I know this is a lot to ask but I've tried a lot of search and reading in the last few days and I have to say the M language beats me.
Thanks in advance.
Convert your Web.Contents() request into a function:
let
myFunct = ( param as date ) => let
x = Web.Contents(.... & Date.ToText(date) & ....)
in
x
in
myFunct
Reference your data request function from a new query, include any transformations you need (in this case JSON.Document, table expansions, remove extraneous data. Feel free to delete all the extra data here, including columns that just contain the label 'value'.
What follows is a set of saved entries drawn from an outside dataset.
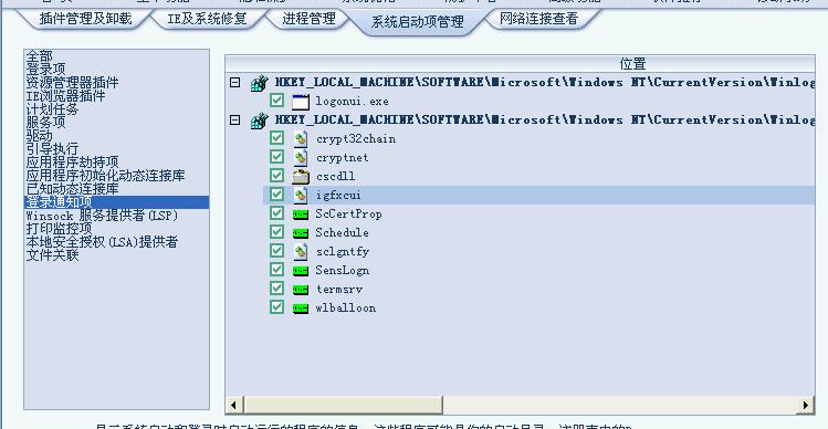 发现可疑项目,推荐到“数码硬件”或者“反病毒区”请高手人确认,方可禁止,假如禁止之后重启,一切正常就可以删除了。
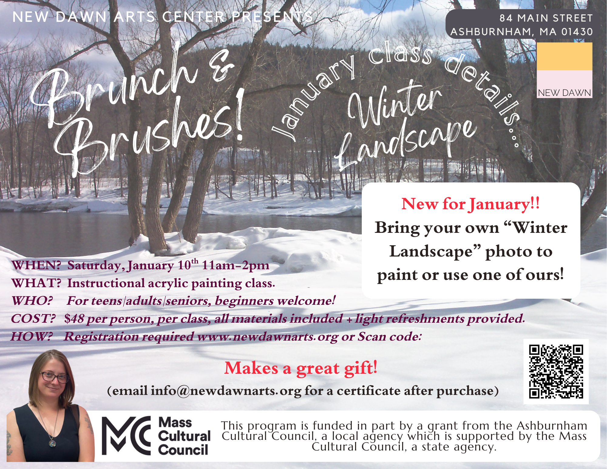 January 10 (2nd Sat.) │ 11am -2 pm - NEW!! Bring your own Winter Landscape Photo (or use one of ours) to paint from!
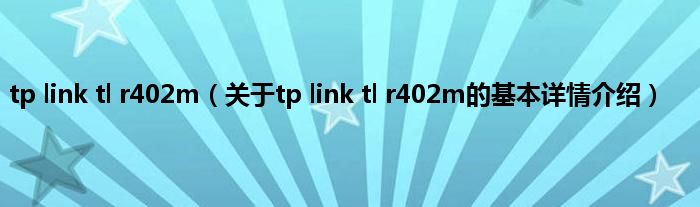 本文关于tp link tl r402m的基本详情介绍就讲解完毕,希望对大家有所帮助。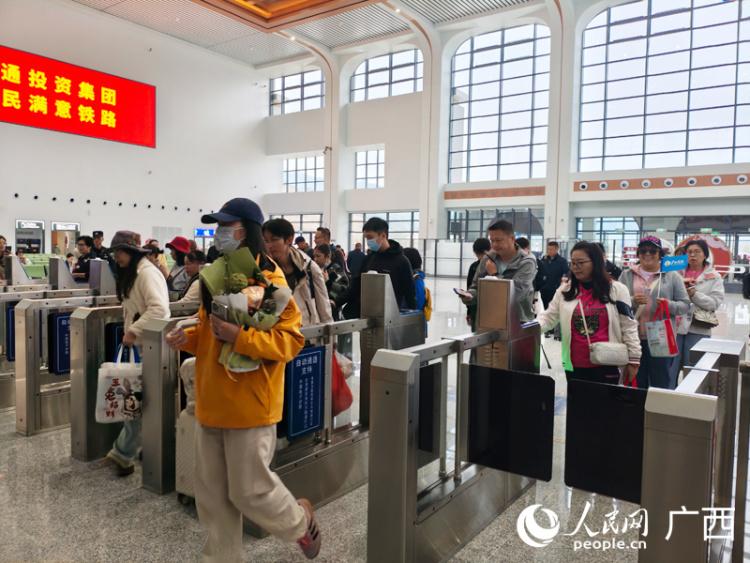 旅客有序进站。人民网记者 王勇 摄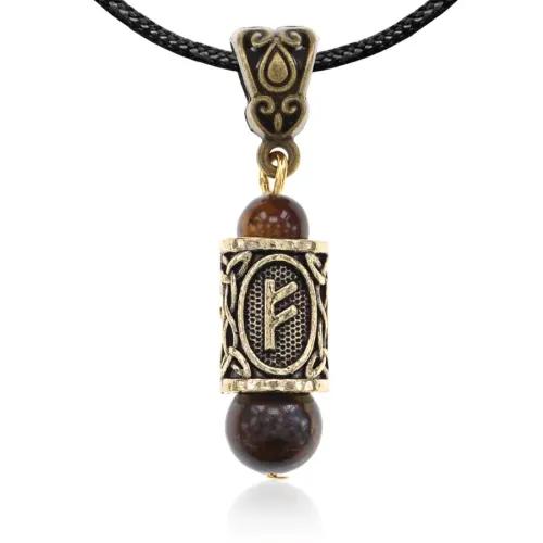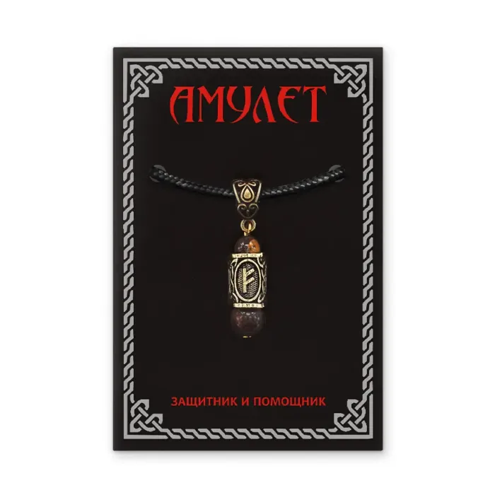 Кулон-амулет с руной Феху (Карьера, бизнес, богатство, любовь), тигровый глаз KULZ-16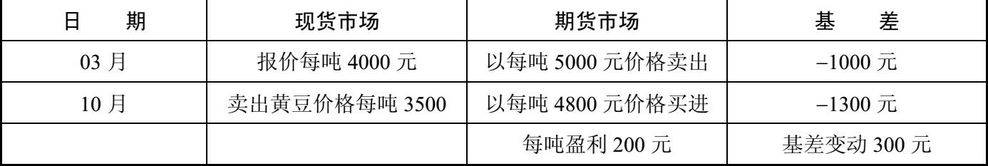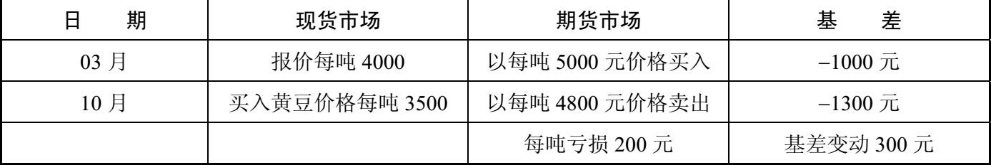 03月份现货报价为每吨4000元,也就是李小三收购的预期价位。但到了10月中旬,他在现货市场上以更低的价格每吨3500元买进,比预期收购价格每吨低了500元。但他却在期货市场上亏损了每吨200元,那么他实际上是以每吨3700元的价格来收购的。与预期价格每吨4000元相比,还是少了300元,即基差变动数额。
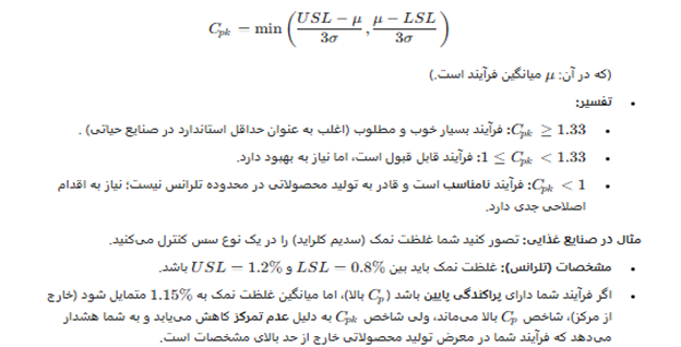 - تعریف: شاخص قابلیت واقعی فرآیند.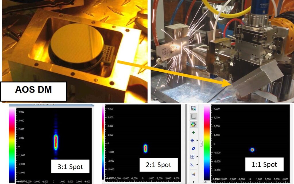 The 21-actuator device, shown above, was designed for high reflectivity at 1064nm. A recent experiment showed that one of these mirrors withstood 120 kW CW laser radiation without any thermally induced distortion. See: https://www.aos-llc.com/docs/HighPowerDMPressReleaseJM100628.pdf for more information.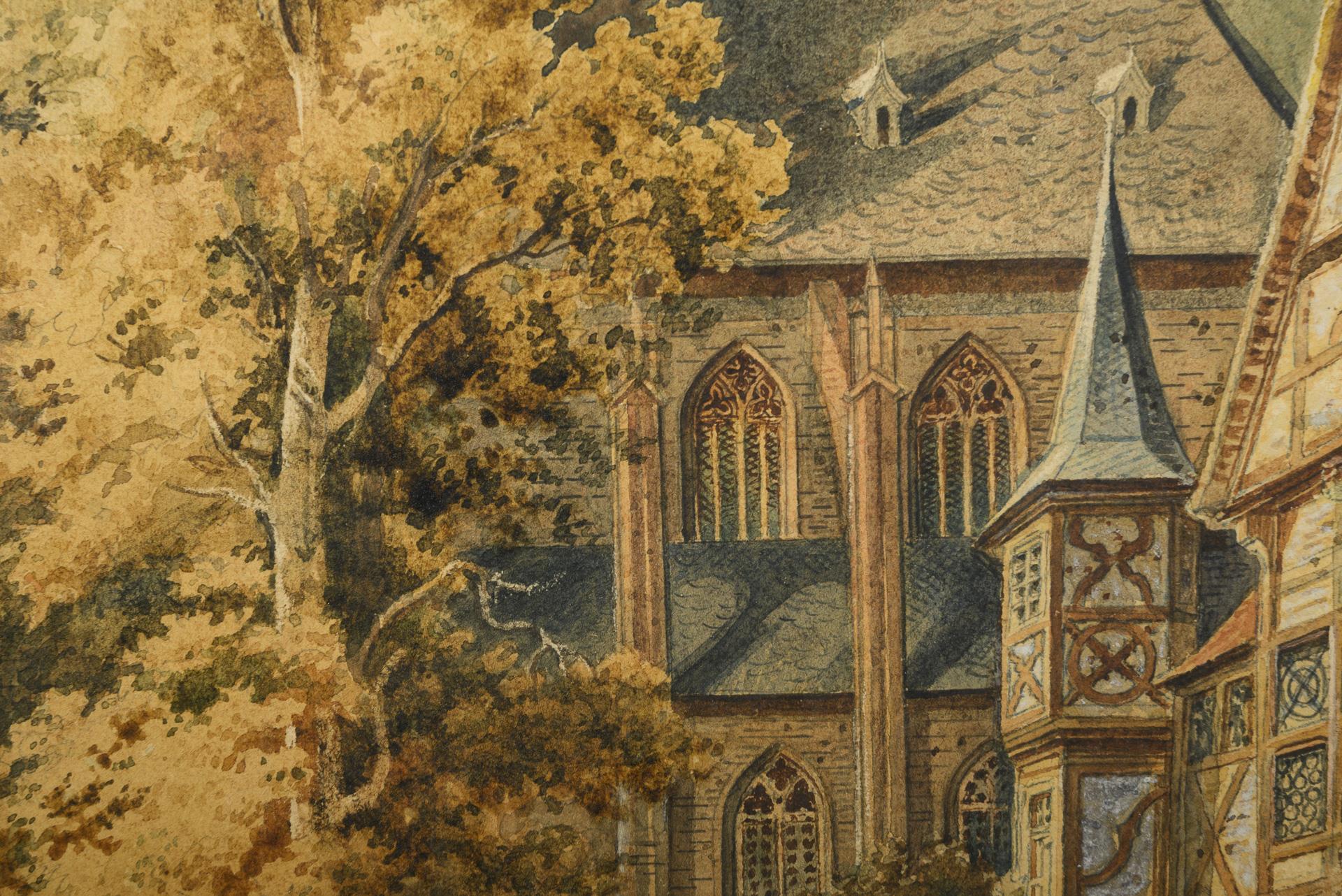 Staffagefiguren auf der Straße zwischen den detailliert gemalten Fachwerkhäusern vor der gotischen Kirche.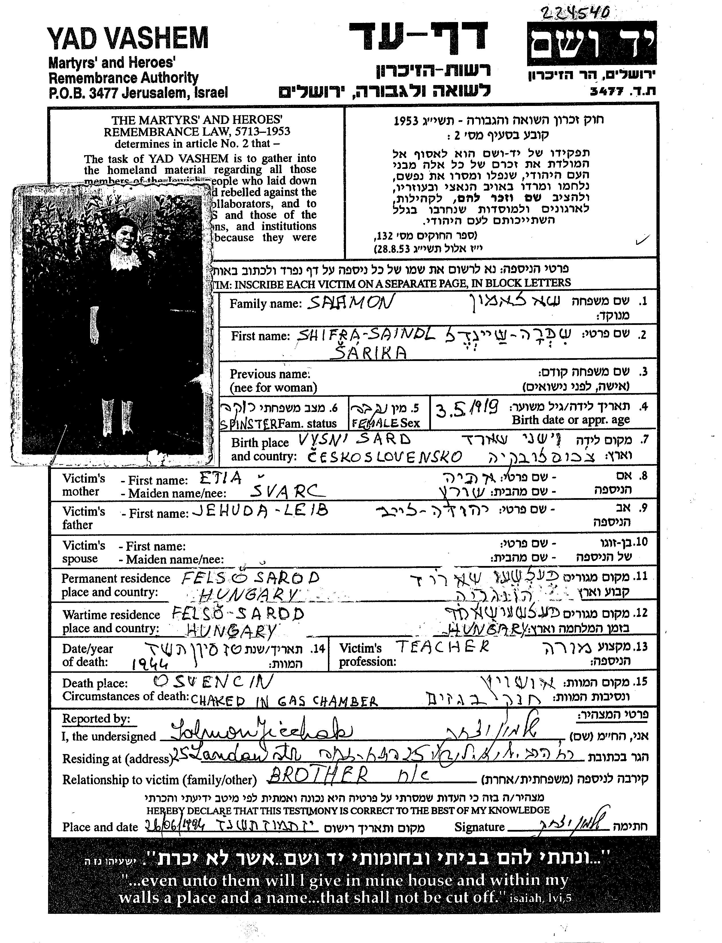 Salamon Shalamon Saindl Sarika Shifra 1919 Felsosarad, Tchécoslovaquie Feuille de témoignage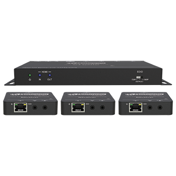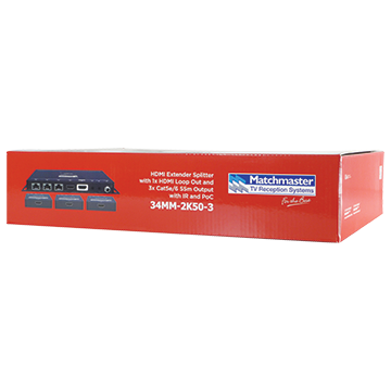 HDMI? Extender Splitter with 1x HDMI input, 1x HDMI? output and 3x CAT5/6 extended outputs with bi-directional IR control and PoC. The 2K50-3 allows you to split your Full HD Standard Speed HDMI? source into three additional displays while keeping your main display connected to the HDMI? loop through.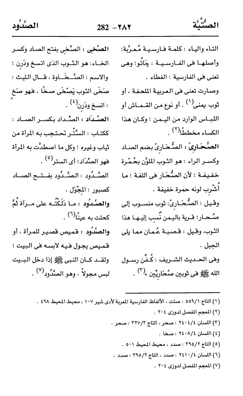 (¬1) التاج 1/ 559: صتت، الألفاظ الفارسية المعربة لأدى شير 107، محيط المحيط 498.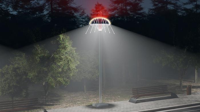 Typical LED streetlights direct their light toward the object to be illuminated, which is why they point towards the ground. They also are designed such that thermal radiation stays trapped inside the LED. On the other hand, streetlights coated with nanoPE are literally turned upside down so that they are directed towards the sky and away from the object to be illuminated.
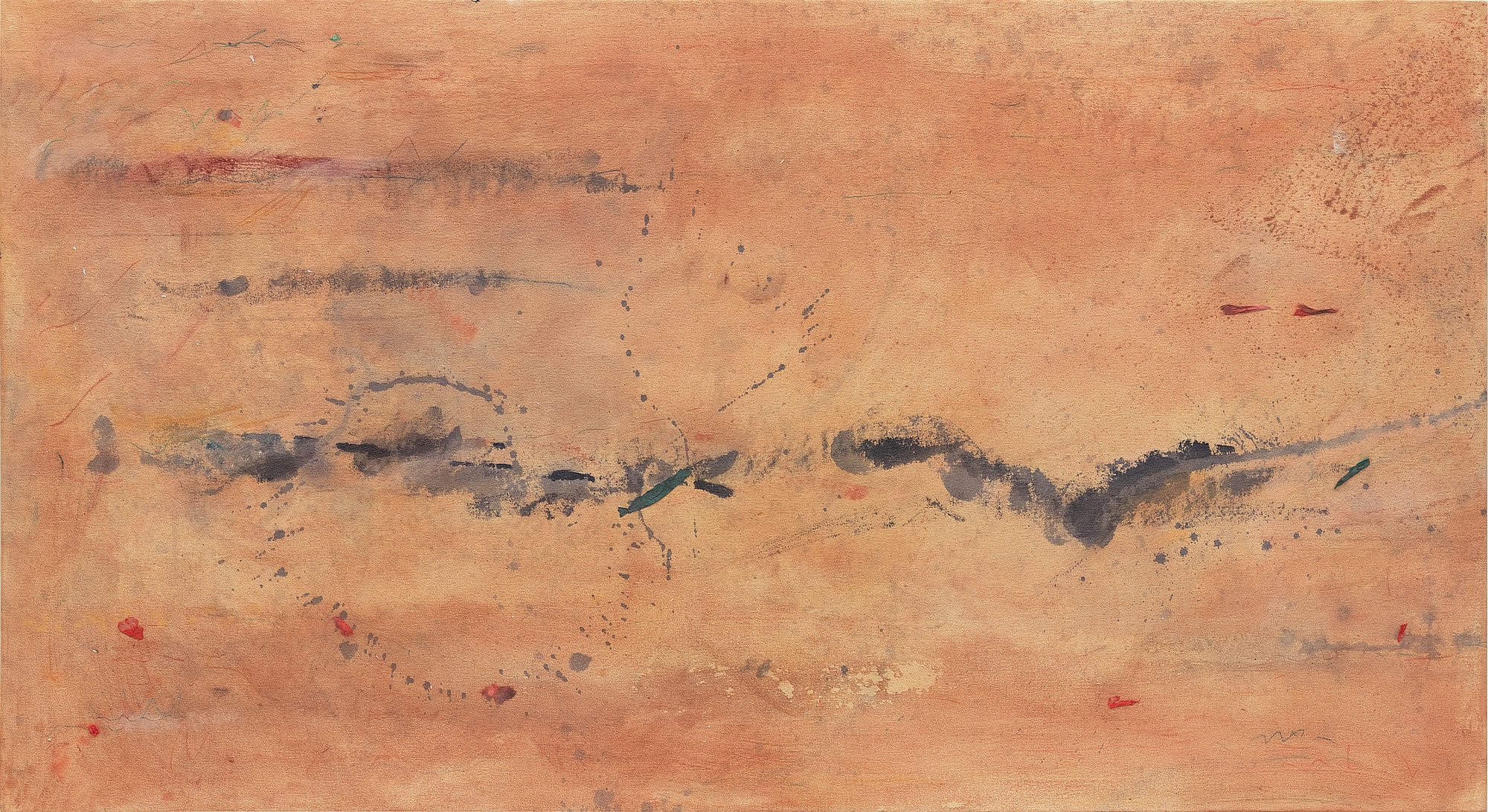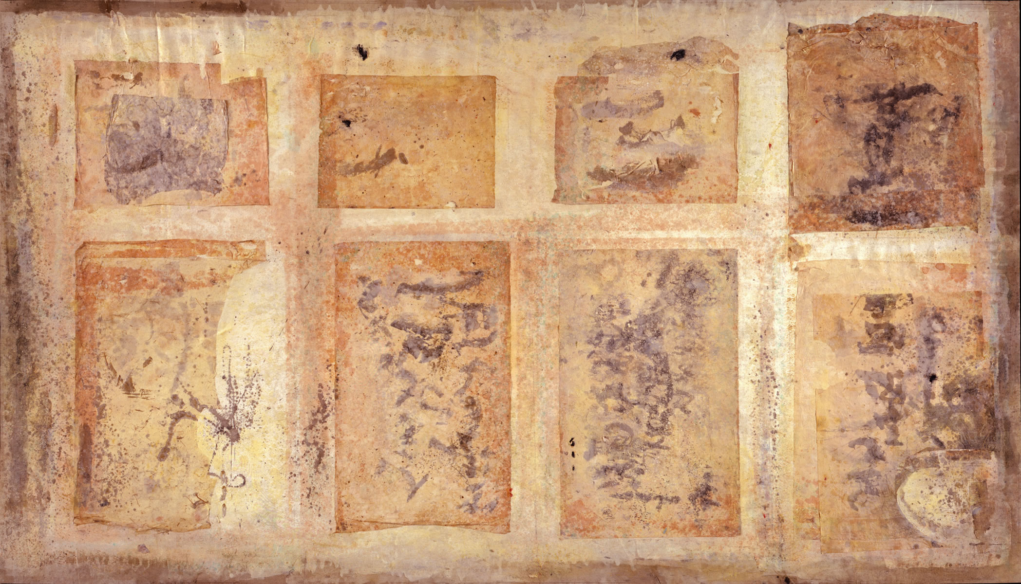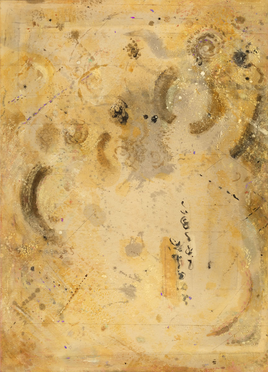 Sandra Lerner's paintings seem to float in air like elusive clouds. Lerner achieves her quietly captivating effects by combining Eastern and Western influences. Having studied calligraphy with Japanese masters and adopted Taoism and the teachings of the Chinese philosopher Lao-tzu, she has also embraced many of the techniques of Abstract Expressionism. Lerner begins, Jackson Pollock-style, by pouring and painting on immense unstretched linen canvases placed on the floor. She then cuts out sections and starts painting on them, sometimes adding sand and dust to achieve shine and translucency. Delicate lines and boxes and markings that look like writing but are not interrupt the overall fluidity of her paintings.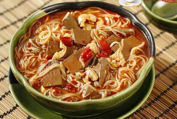 制作:肉絲加入適量鹽、淀粉、生抽、料酒拌勻醃制;平底鍋燒熱,加入適量油,放入1勺豆瓣醬和蒜末炒香。炒紅油後加入清水煮3分鐘;將粉條放入鍋中煮熟;加入肉絲煮至變色,然後加入鴨血煮1或2分鐘,然後加鹽調味。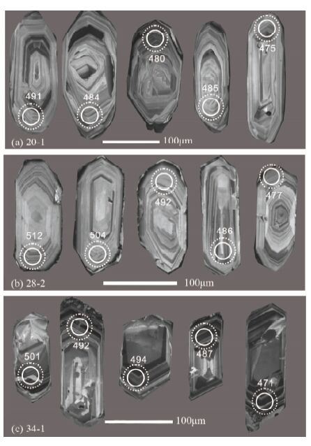 ![]() | 图 5 典型锆石阴极发光图像 实线圆圈为U-Pb年龄分析点,虚线圆圈为Hf同位素分析点 Fig. 5 Cathodoluminescence images of zircons The actual line circles and dotted line circles indicate the locations of U-Pb dating and Hf isotopic analyses,respectively |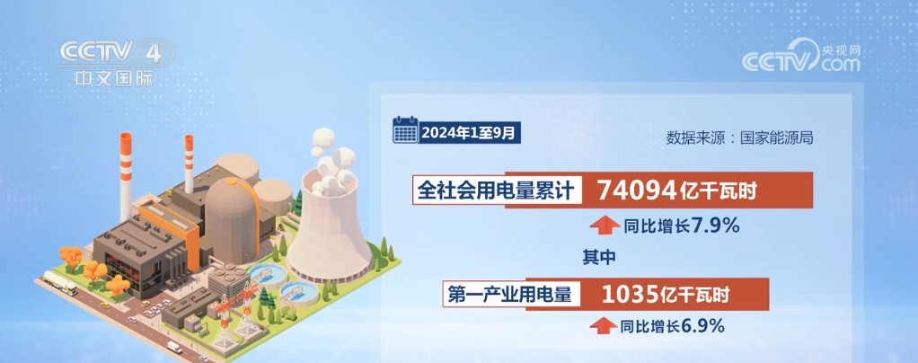數據顯示,今年1至9月,全社會用電量累計74094億千瓦時,同比增長7.9%。其中,第一產業(yè)用電量1035億千瓦時,同比增長6.9%;第二產業(yè)用電量47385億千瓦時,同比增長5.9%;第三產業(yè)用電量13953億千瓦時,同比增長11.2%;城鄉(xiāng)居民生活用電量11721億千瓦時,同比增長12.6%。

(assuming your table of domain values already exists) add a custom column like
=Expand(myFunct( [someparameter] ))
edit: got home and got into my bookmarks. Here is a more detailed reference for what you are looking to do: http://datachix.com/2014/05/22/power-query-functions-some-scenarios/
For a table - Add column where you get data and parse JSON
let
tt=#table(
{"date"},{
{"2017-01-01"},
{"2017-01-02"},
{"2017-01-03"}
}),
add_col = Table.AddColumn(tt, "USD", each Json.Document(Web.Contents("http://example.com/?date="&[date]))[rate][USD])
in
add_col
If you need only one value
Json.Document(Web.Contents("http://example.com/?date="&YOUR_DATE_STRING))[rate][USD]